> INSTRUCTIONS TO FOLLOW:
Since the listing below shows pictures, leave them out and write out exactly the lines from the line with "BDuck小黄鸭童鞋女童板鞋" to the line with "仪式上,伟德体育部教师陆松廷", both included, and no others.

EXERCISE DATA Start Marker

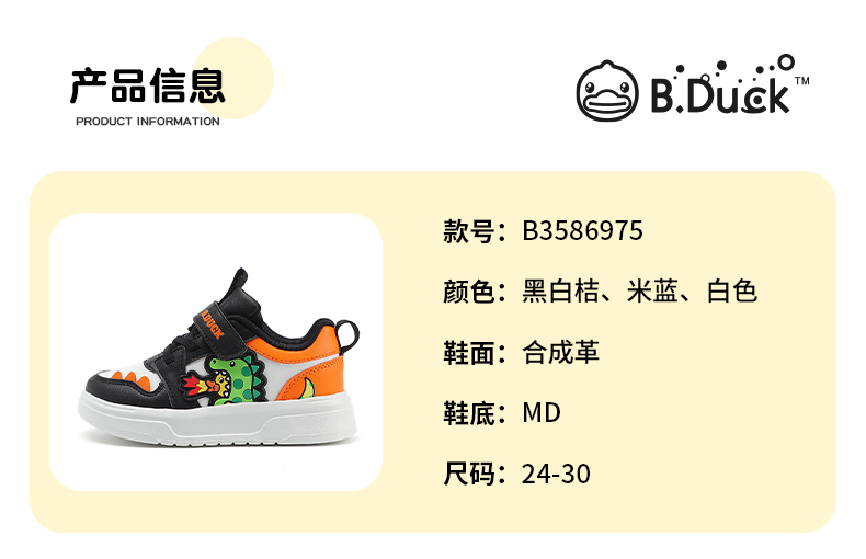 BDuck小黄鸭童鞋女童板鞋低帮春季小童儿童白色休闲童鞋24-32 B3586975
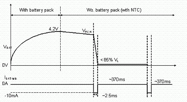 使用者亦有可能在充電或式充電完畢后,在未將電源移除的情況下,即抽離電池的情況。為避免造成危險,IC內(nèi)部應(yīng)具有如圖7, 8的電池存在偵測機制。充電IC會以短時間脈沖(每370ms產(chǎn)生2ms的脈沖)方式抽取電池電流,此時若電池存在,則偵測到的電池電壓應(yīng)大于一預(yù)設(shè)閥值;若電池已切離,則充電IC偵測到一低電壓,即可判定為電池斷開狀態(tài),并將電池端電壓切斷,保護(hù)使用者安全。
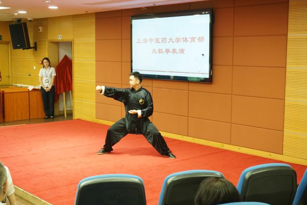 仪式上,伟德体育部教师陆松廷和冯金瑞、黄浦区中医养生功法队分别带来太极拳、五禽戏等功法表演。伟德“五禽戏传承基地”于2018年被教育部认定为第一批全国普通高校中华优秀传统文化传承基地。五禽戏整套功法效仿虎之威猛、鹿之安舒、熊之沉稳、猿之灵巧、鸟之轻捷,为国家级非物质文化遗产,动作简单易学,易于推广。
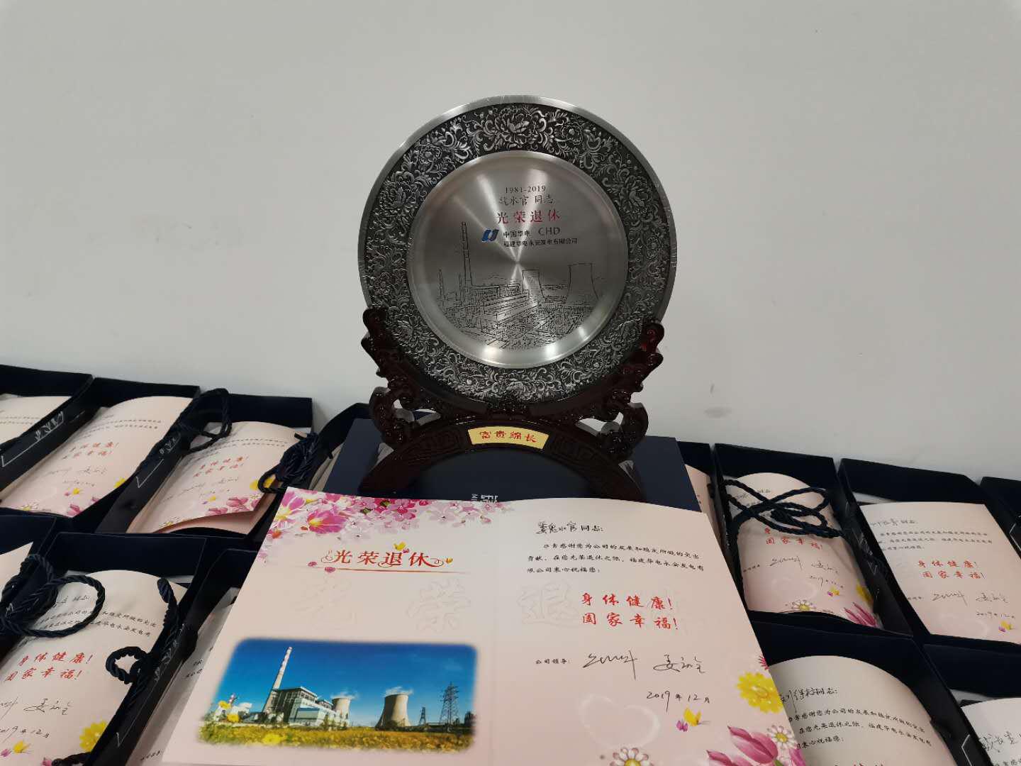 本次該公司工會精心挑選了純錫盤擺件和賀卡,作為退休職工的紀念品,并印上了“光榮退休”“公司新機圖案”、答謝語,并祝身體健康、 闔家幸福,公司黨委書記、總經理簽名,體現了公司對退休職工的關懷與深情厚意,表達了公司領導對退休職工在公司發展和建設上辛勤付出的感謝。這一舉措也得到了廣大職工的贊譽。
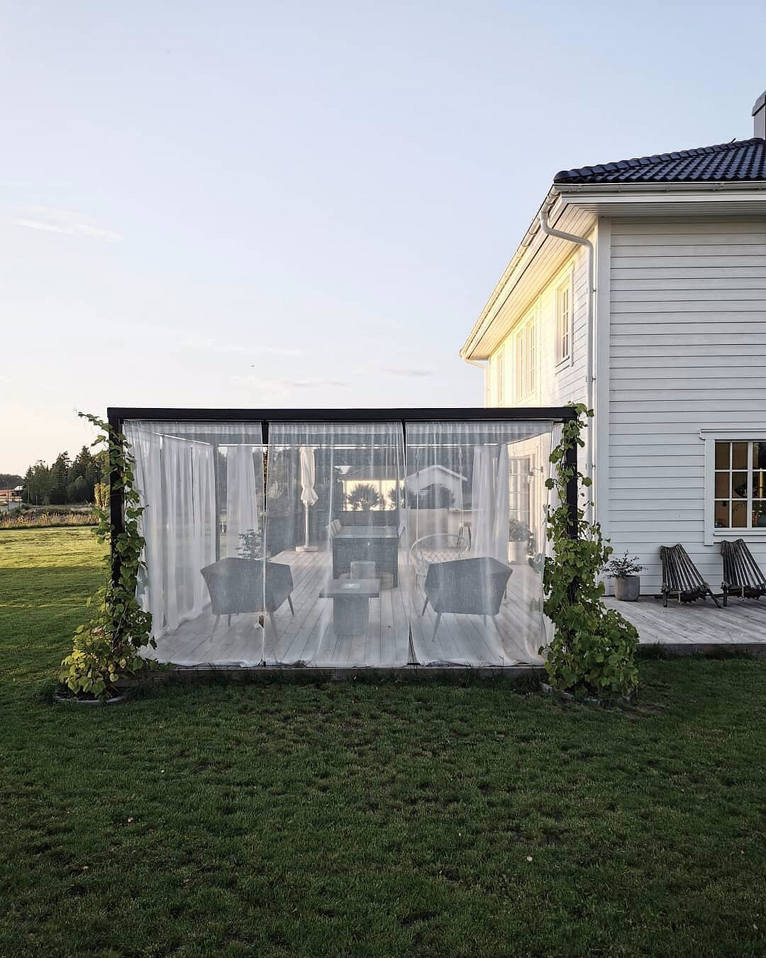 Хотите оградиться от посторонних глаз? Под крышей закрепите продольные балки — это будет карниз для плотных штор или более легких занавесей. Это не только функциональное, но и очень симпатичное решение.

EXERCISE DATA End Marker
EXERCISE DATA Start Marker

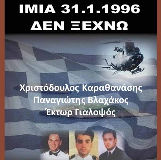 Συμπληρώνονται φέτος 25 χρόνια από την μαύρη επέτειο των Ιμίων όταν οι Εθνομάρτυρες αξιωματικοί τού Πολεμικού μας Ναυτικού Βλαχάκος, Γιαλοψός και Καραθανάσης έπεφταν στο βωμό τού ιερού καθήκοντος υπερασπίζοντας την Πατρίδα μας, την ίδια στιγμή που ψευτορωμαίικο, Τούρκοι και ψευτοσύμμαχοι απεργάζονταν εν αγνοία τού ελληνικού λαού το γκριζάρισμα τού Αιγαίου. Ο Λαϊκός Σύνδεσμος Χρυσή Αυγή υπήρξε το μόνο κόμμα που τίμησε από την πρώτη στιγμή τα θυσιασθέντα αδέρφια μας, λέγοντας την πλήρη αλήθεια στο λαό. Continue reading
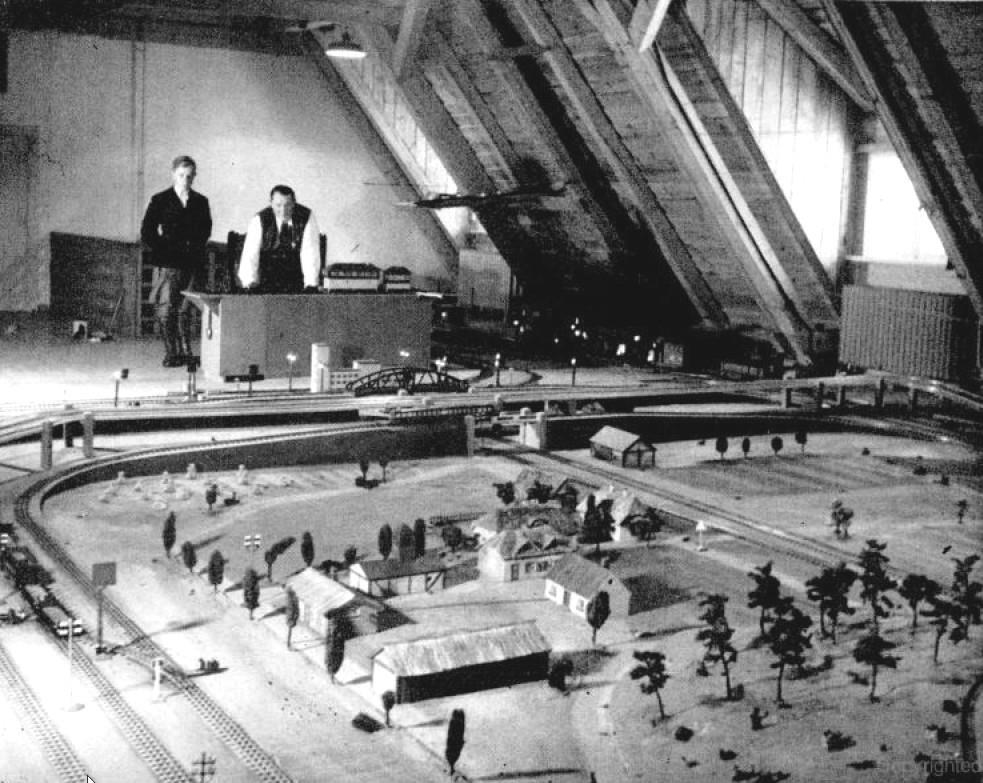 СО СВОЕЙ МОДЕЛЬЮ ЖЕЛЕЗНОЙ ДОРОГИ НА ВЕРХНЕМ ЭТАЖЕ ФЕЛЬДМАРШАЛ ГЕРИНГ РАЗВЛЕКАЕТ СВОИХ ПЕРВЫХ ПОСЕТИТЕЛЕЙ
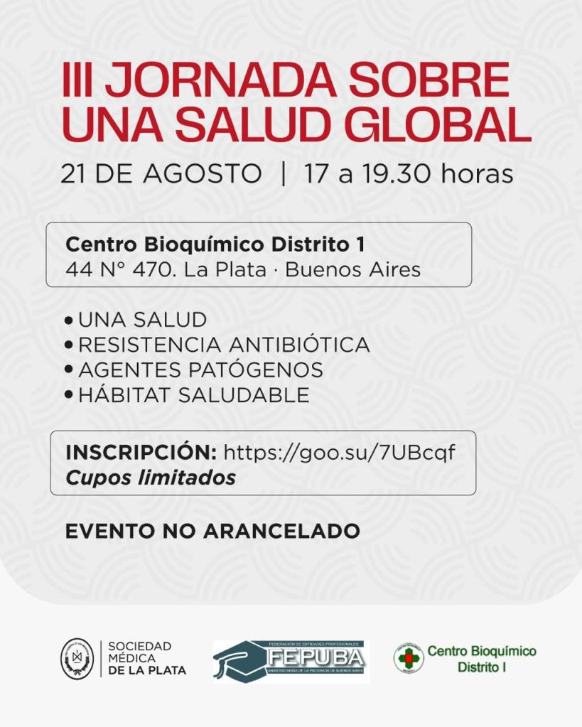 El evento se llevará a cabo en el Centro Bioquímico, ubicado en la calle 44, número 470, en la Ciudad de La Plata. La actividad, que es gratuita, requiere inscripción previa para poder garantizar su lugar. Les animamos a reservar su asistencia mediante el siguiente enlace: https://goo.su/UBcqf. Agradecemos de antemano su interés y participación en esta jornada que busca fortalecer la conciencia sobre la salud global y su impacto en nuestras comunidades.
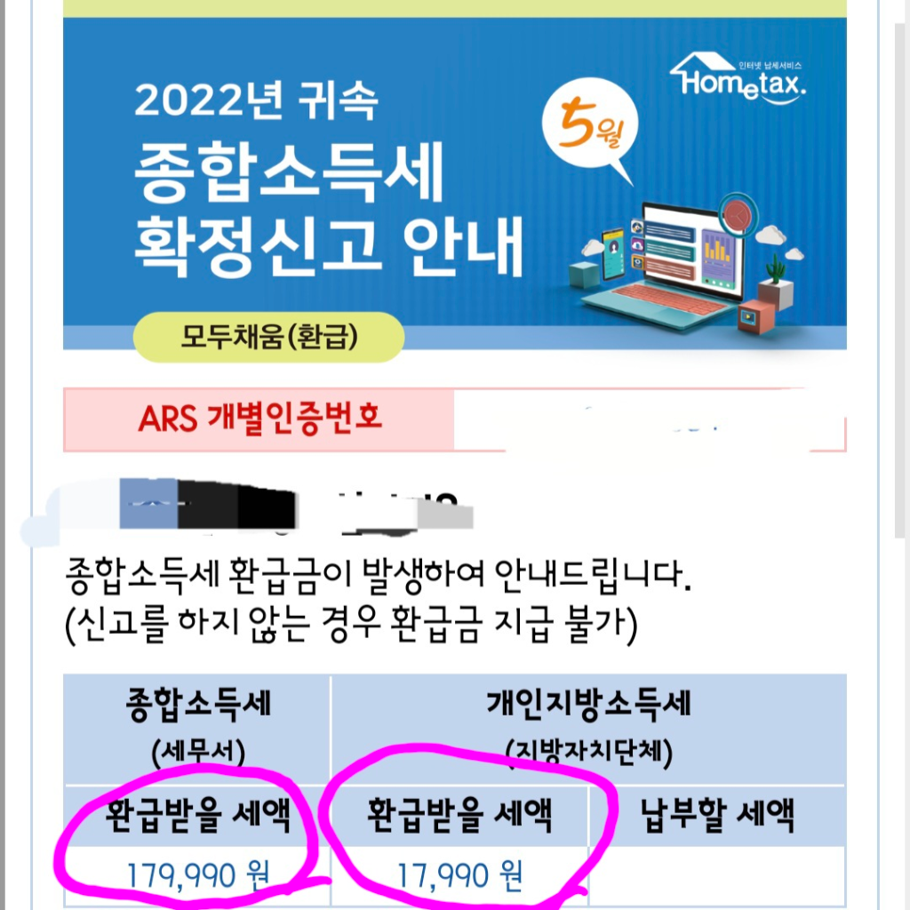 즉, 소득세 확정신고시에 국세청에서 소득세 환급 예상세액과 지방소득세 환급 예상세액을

EXERCISE DATA End Marker
EXERCISE DATA Start Marker

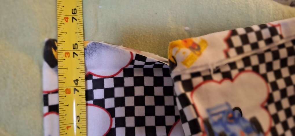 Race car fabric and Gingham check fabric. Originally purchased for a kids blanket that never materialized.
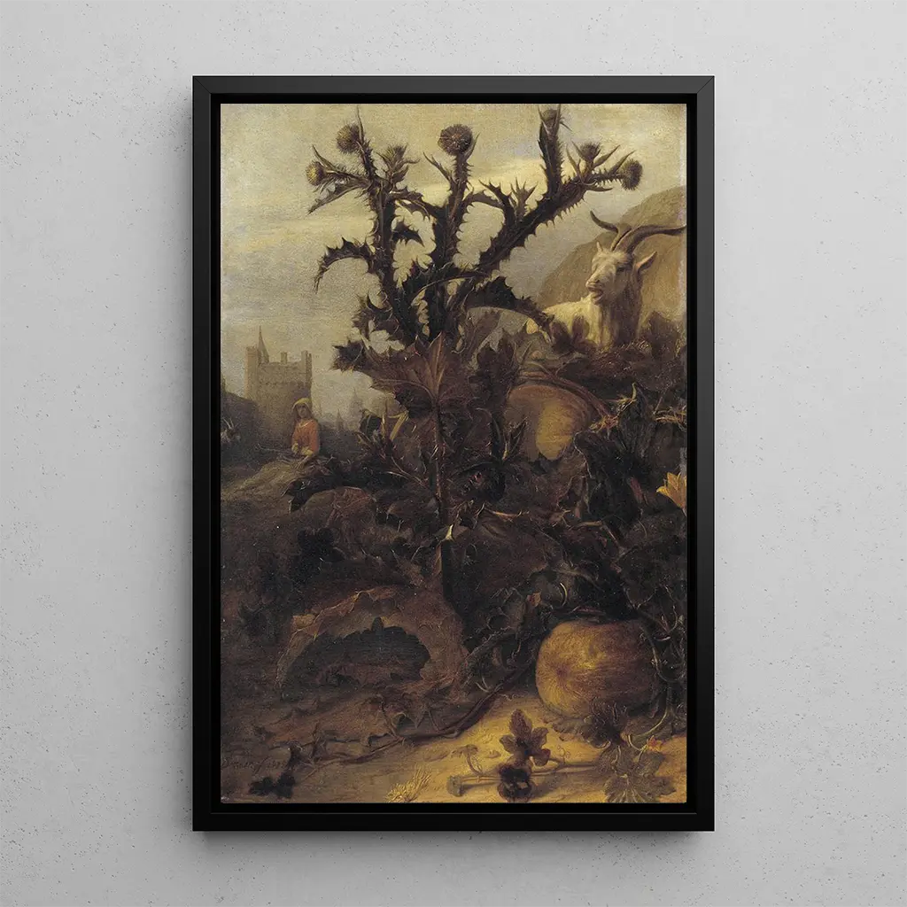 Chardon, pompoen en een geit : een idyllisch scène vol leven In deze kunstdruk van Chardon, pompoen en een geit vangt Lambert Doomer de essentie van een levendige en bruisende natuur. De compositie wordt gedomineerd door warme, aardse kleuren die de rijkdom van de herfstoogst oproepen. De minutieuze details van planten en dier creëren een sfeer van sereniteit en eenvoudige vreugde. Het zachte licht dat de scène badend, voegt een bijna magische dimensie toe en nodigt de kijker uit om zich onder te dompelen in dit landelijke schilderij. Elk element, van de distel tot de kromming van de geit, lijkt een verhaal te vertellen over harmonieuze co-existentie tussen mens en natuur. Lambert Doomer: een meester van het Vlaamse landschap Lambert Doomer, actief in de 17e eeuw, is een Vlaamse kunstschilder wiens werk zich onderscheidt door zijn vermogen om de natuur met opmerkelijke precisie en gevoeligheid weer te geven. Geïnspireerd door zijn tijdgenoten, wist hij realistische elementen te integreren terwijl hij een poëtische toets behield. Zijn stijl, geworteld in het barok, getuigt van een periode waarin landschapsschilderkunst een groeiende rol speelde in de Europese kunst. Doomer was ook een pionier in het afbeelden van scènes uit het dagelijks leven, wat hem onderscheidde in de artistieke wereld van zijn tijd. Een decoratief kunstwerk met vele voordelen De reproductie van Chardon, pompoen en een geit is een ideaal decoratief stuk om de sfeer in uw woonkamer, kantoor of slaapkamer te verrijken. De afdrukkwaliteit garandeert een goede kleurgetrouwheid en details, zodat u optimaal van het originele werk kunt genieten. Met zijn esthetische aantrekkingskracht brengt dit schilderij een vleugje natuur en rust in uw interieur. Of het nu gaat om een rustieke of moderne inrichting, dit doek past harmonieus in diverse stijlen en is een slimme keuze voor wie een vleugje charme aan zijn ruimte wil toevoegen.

EXERCISE DATA End Marker

> WRITTEN SOLUTION:
 BDuck小黄鸭童鞋女童板鞋低帮春季小童儿童白色休闲童鞋24-32 B3586975
 使用者亦有可能在充電或式充電完畢后,在未將電源移除的情況下,即抽離電池的情況。為避免造成危險,IC內(nèi)部應(yīng)具有如圖7, 8的電池存在偵測機制。充電IC會以短時間脈沖(每370ms產(chǎn)生2ms的脈沖)方式抽取電池電流,此時若電池存在,則偵測到的電池電壓應(yīng)大于一預(yù)設(shè)閥值;若電池已切離,則充電IC偵測到一低電壓,即可判定為電池斷開狀態(tài),并將電池端電壓切斷,保護(hù)使用者安全。
 仪式上,伟德体育部教师陆松廷和冯金瑞、黄浦区中医养生功法队分别带来太极拳、五禽戏等功法表演。伟德“五禽戏传承基地”于2018年被教育部认定为第一批全国普通高校中华优秀传统文化传承基地。五禽戏整套功法效仿虎之威猛、鹿之安舒、熊之沉稳、猿之灵巧、鸟之轻捷,为国家级非物质文化遗产,动作简单易学,易于推广。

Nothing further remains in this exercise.